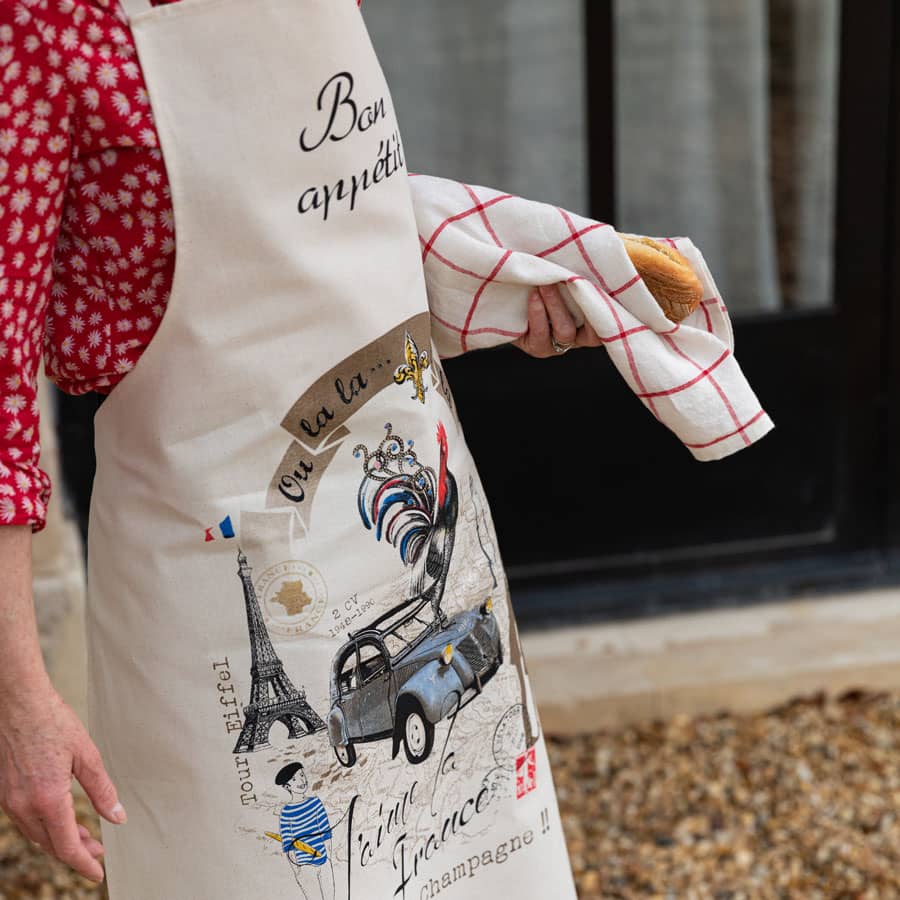 En pur coton, pour un confort optimal, le tablier J'aime la France reprend les codes de notre beau pays : Tour Eiffel, marinière, 2 CV, baguette de pain, drapeau... Décoratif, mais aussi très utile en cuisine pour concocter de bons petits plats sans se tacher.
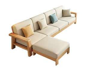 简森曼 北欧风 科技布+扶手前方靠背框架为橡胶木靠背板为桉木芯坐板为松木 原木色 四加脚踏 【实木拼接工艺】 2.64米沙发
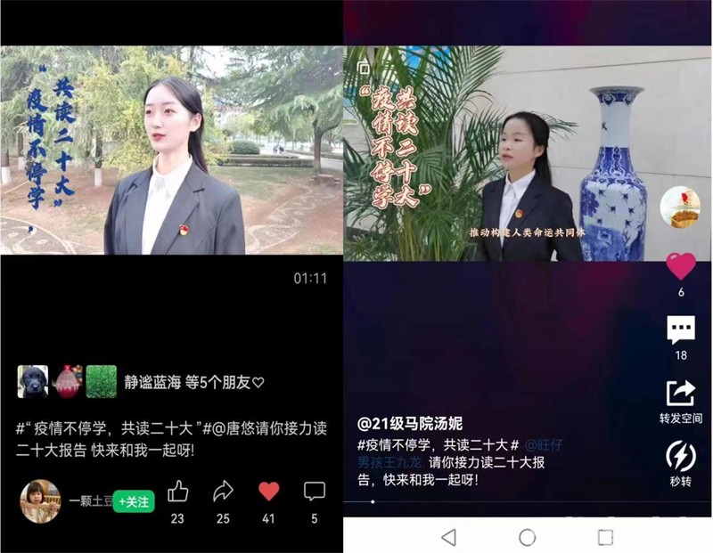 在学习活动中,马克思主义学院教师鼓励思想政治教育专业学生自己录制诵读党的二十大报告原文的视频,并将录制好的诵读视频上传至社交平台,同时@至少一位同学进行接龙,争做学习、宣传、贯彻党的二十大精神的领航雁、排头兵,及时准确地将所学所思融入到全面建设社会主义现代化国家的火热实践中。

# # # #

Return the full listing above exactly as written, and omit the pictures.

 En pur coton, pour un confort optimal, le tablier J'aime la France reprend les codes de notre beau pays : Tour Eiffel, marinière, 2 CV, baguette de pain, drapeau... Décoratif, mais aussi très utile en cuisine pour concocter de bons petits plats sans se tacher.
 简森曼 北欧风 科技布+扶手前方靠背框架为橡胶木靠背板为桉木芯坐板为松木 原木色 四加脚踏 【实木拼接工艺】 2.64米沙发
 在学习活动中,马克思主义学院教师鼓励思想政治教育专业学生自己录制诵读党的二十大报告原文的视频,并将录制好的诵读视频上传至社交平台,同时@至少一位同学进行接龙,争做学习、宣传、贯彻党的二十大精神的领航雁、排头兵,及时准确地将所学所思融入到全面建设社会主义现代化国家的火热实践中。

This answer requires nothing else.